→ The task
Output exactly the lines from the first line of the records below through the line containing "レトロなブルーのプリーツデニ", both included, leaving out any pictures.

→ Material provided

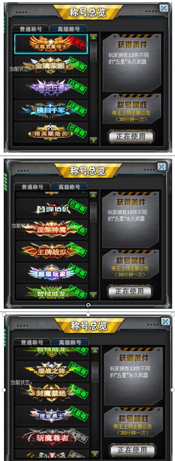 装备描述:封魔、龙域、涅槃、幽灭、冲击、赤血、海滩套、幽星套、贝瑟vip5一百多天可以关闭队友称号不挡视野。
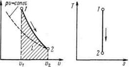 Рисунок 5.3 - Изображение изотермического процесса в р, v- и T, s -координатах.
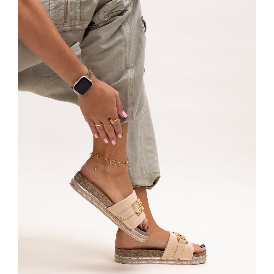 Inna marka Șlapi bej cu cataramă strălucitoare de la Niamh
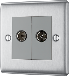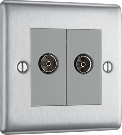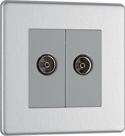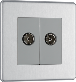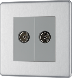 BG FBS63 Flatplate Screwless Isolated Co-axial Socket, 2 Gang, Brushed Steel - Grey Insert
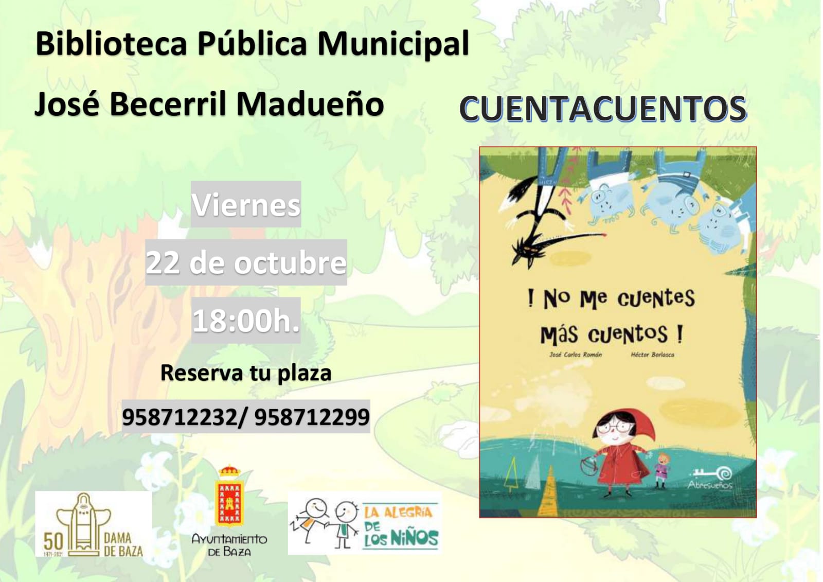 Por otro lado, se recupera también la actividad de Cuentacuentos este viernes 22 de octubre a las 18h con “No me cuentes más cuentos”. Para participar se puede reservar plaza en los teléfonos 958 71 22 32 y 958 71 22 99.
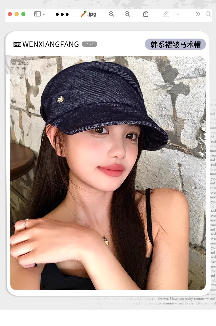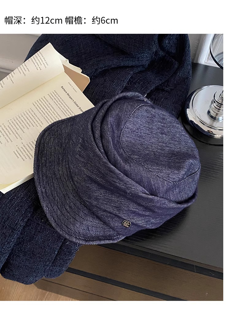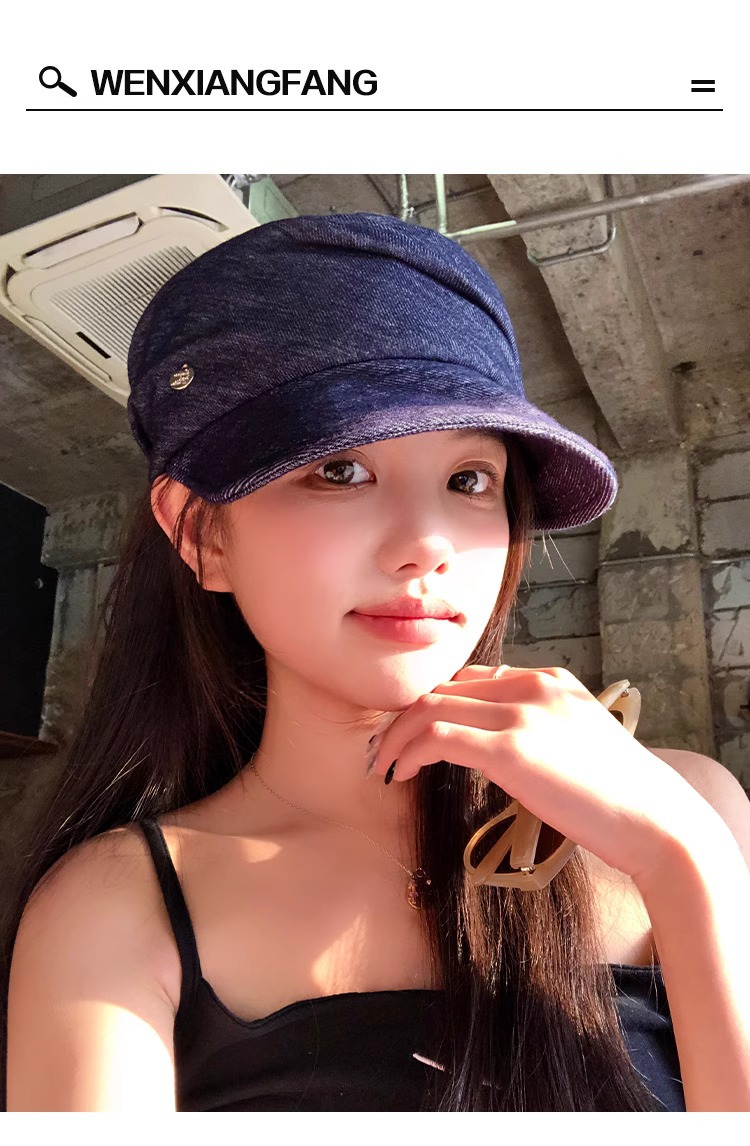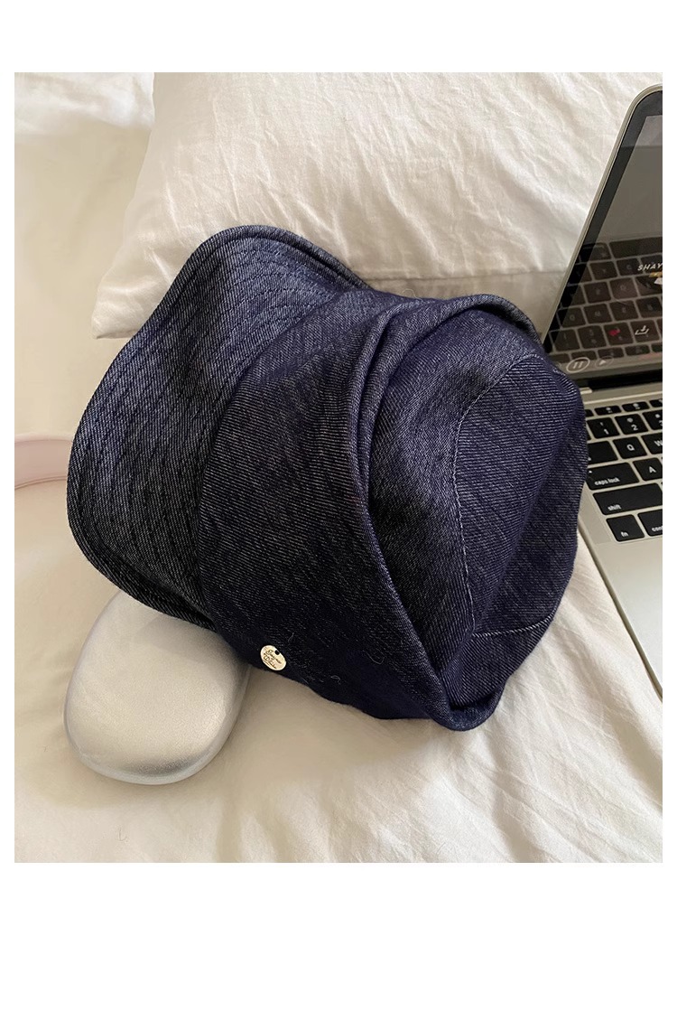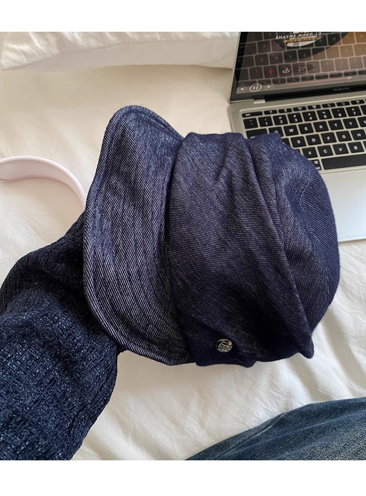 レトロなブルーのプリーツデニム乗馬帽子、フェミニンで多用途なペインターハット、大きな頭囲、顔が見える小さなひさし付きキャップ、トレンディです。
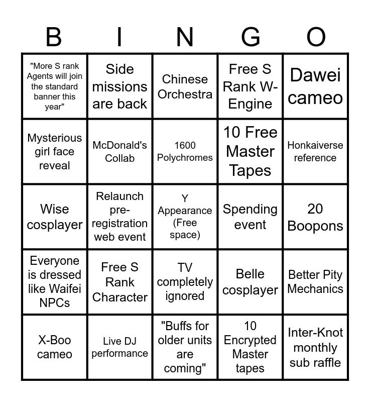 This bingo card has a free space and 24 words: Free S Rank Character, Live DJ performance, 1600 Polychromes, X-Boo cameo, Dawei cameo, "More S rank Agents will join the standard banner this year", Mysterious girl face reveal, Side missions are back, Spending event, TV completely ignored, 10 Free Master Tapes, Wise cosplayer, Belle cosplayer, Better Pity Mechanics, McDonald's Collab, 10 Encrypted Master tapes, 20 Boopons, Chinese Orchestra, Honkaiverse reference, Relaunch pre-registration web event, Inter-Knot monthly sub raffle, Everyone is dressed like Waifei NPCs, Free S Rank W-Engine and "Buffs for older units are coming".
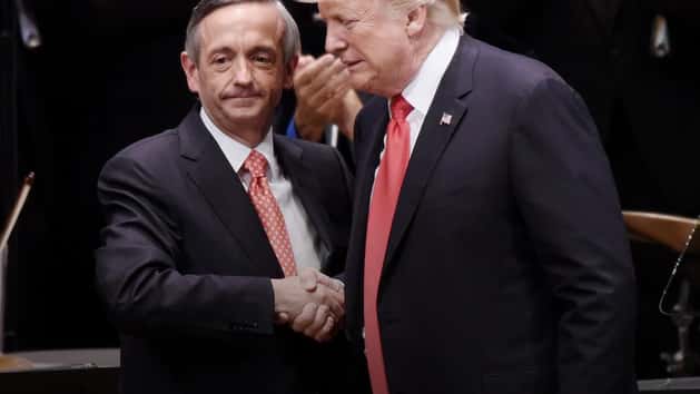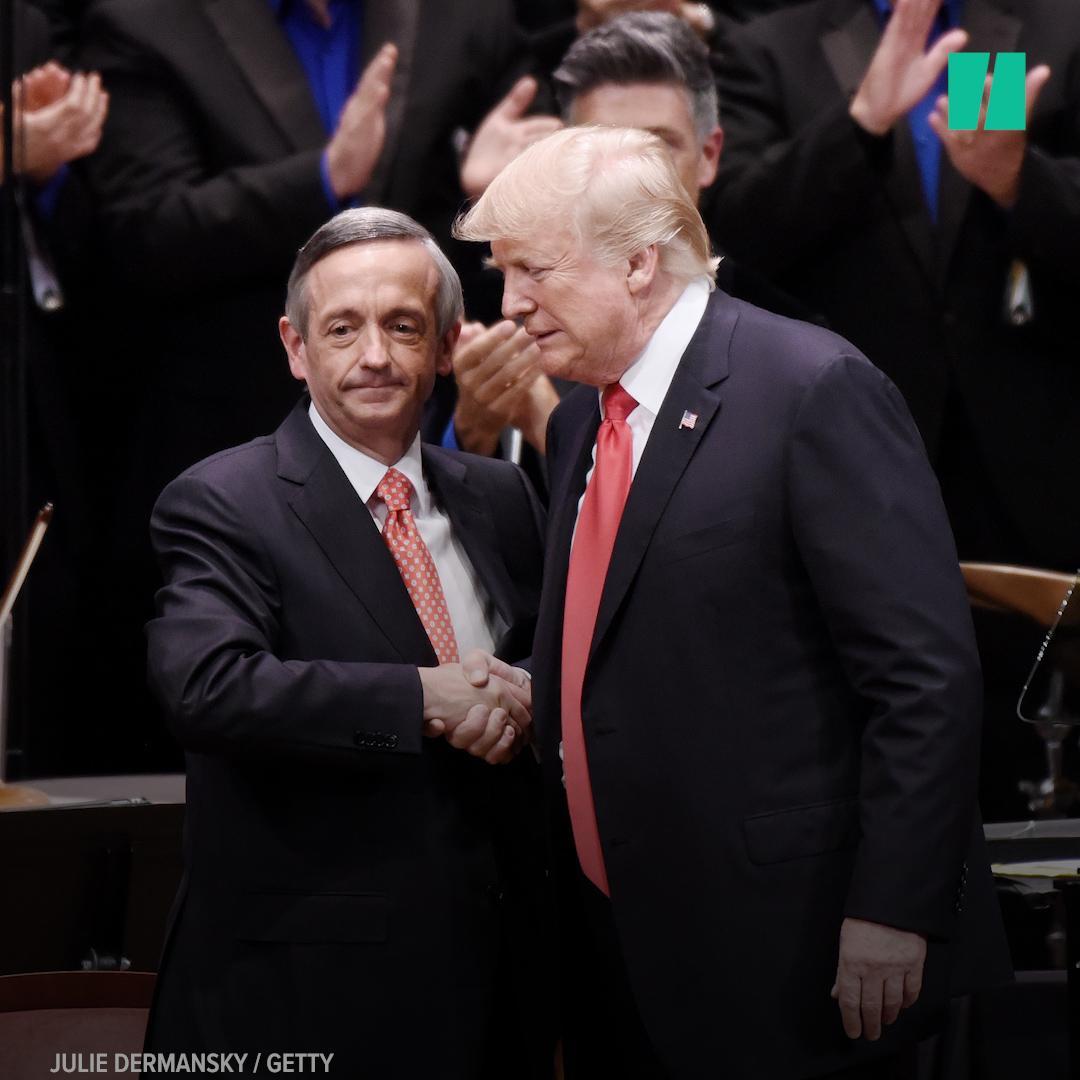 Jeffress, who has been a guest in the Trump White House, has a history of inflammatory comments. Last year, he said NFL players who kneel to protest racial injustice should “be thanking God” they haven’t been “shot in the head.” He also said Trump has God’s support if he wants to “take out” North Korean dictator Kim Jong Un. He’s also directed intolerant rants against gays, Muslims, Catholics, Mormons and more.
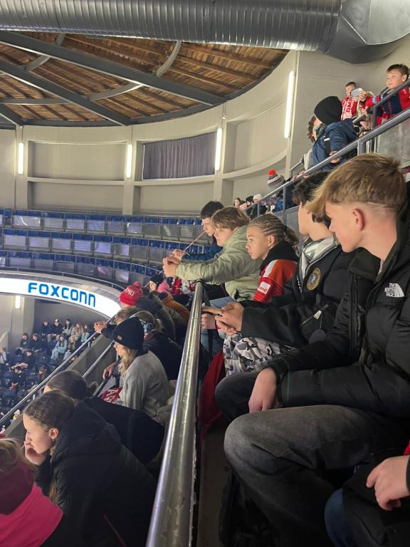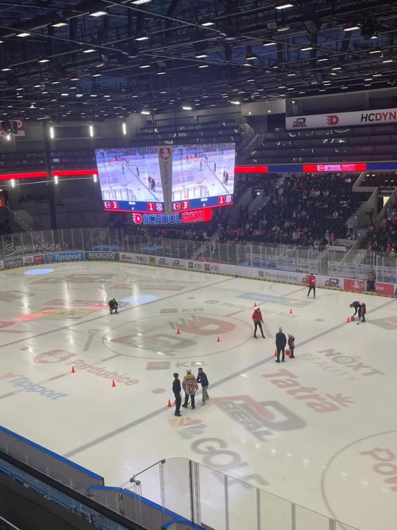 Ve středu 12. listopadu jsme měli tu čest zúčastnit se speciální akce SCHOOL GAME v pardubické enteria areně, kde jsme měli možnost naživo sledovat hokejové utkání. Cesta do Pardubic proběhla v pohodě a už od vstupu do arény nás obklopila ta pravá sportovní atmosféra. Již při rozbruslení a slavnostním zahájení bylo jasné, že to nebude jen obyčejný den. Abychom podpořili hráče a vytvořili co nejlepší atmosféru, tak jsme si přinesli fanouškovské předměty, oblíkli si dresy, mikiny, čepice, … a okamžitě se chopili role skalních fanoušků a s nadšením se zapojili do předzápasového programu. S prvním dopadem puku na led, začalo utkání plné napětí, rychlých akcí a skvělých hokejových momentů.
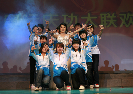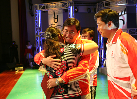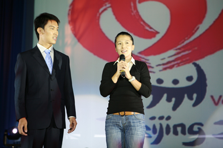 我國首位冬奧會冠軍楊揚在主席臺上同志愿者互動
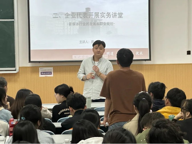 廖琰老师结合多年行业经历,介绍了电子商务和互联网发展的当前态势。他分析了在现代互联网环境下,新媒体行业如何通过不同的形式和工具向公众传达情感与体验的核心价值。通过互动式讨论,同学们积极参与思考并回答提出的问题,廖老师热情地分享了自身从业经验,解答了同学们的疑问,帮助他们为将来从事新媒体行业做好职业规划,整个讲座氛围轻松活跃。
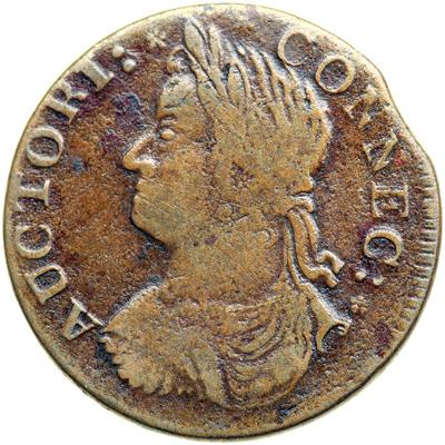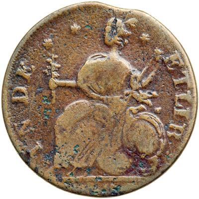 1787 Connecticut Miller 29.1-p R6. Fine-12. Attractive glossy medium brown with reddish chocolate toning in protected areas. The surfaces are mostly smooth but there are some very tiny pitmarks on the lower half of the reverse, and these pits are filled with greenish verdigris. The bottom of the date is off the planchet and the portion that remains is weak, but the legends and devices are clear. A curved planchet clip affects the dentils over NN in CONNEC, and the reverse is rotated 100 degrees CW. Weight 141.6 grains.

→ Exercise solution
 装备描述:封魔、龙域、涅槃、幽灭、冲击、赤血、海滩套、幽星套、贝瑟vip5一百多天可以关闭队友称号不挡视野。
 Рисунок 5.3 - Изображение изотермического процесса в р, v- и T, s -координатах.
 Inna marka Șlapi bej cu cataramă strălucitoare de la Niamh
 BG FBS63 Flatplate Screwless Isolated Co-axial Socket, 2 Gang, Brushed Steel - Grey Insert
 Por otro lado, se recupera también la actividad de Cuentacuentos este viernes 22 de octubre a las 18h con “No me cuentes más cuentos”. Para participar se puede reservar plaza en los teléfonos 958 71 22 32 y 958 71 22 99.
 レトロなブルーのプリーツデニム乗馬帽子、フェミニンで多用途なペインターハット、大きな頭囲、顔が見える小さなひさし付きキャップ、トレンディです。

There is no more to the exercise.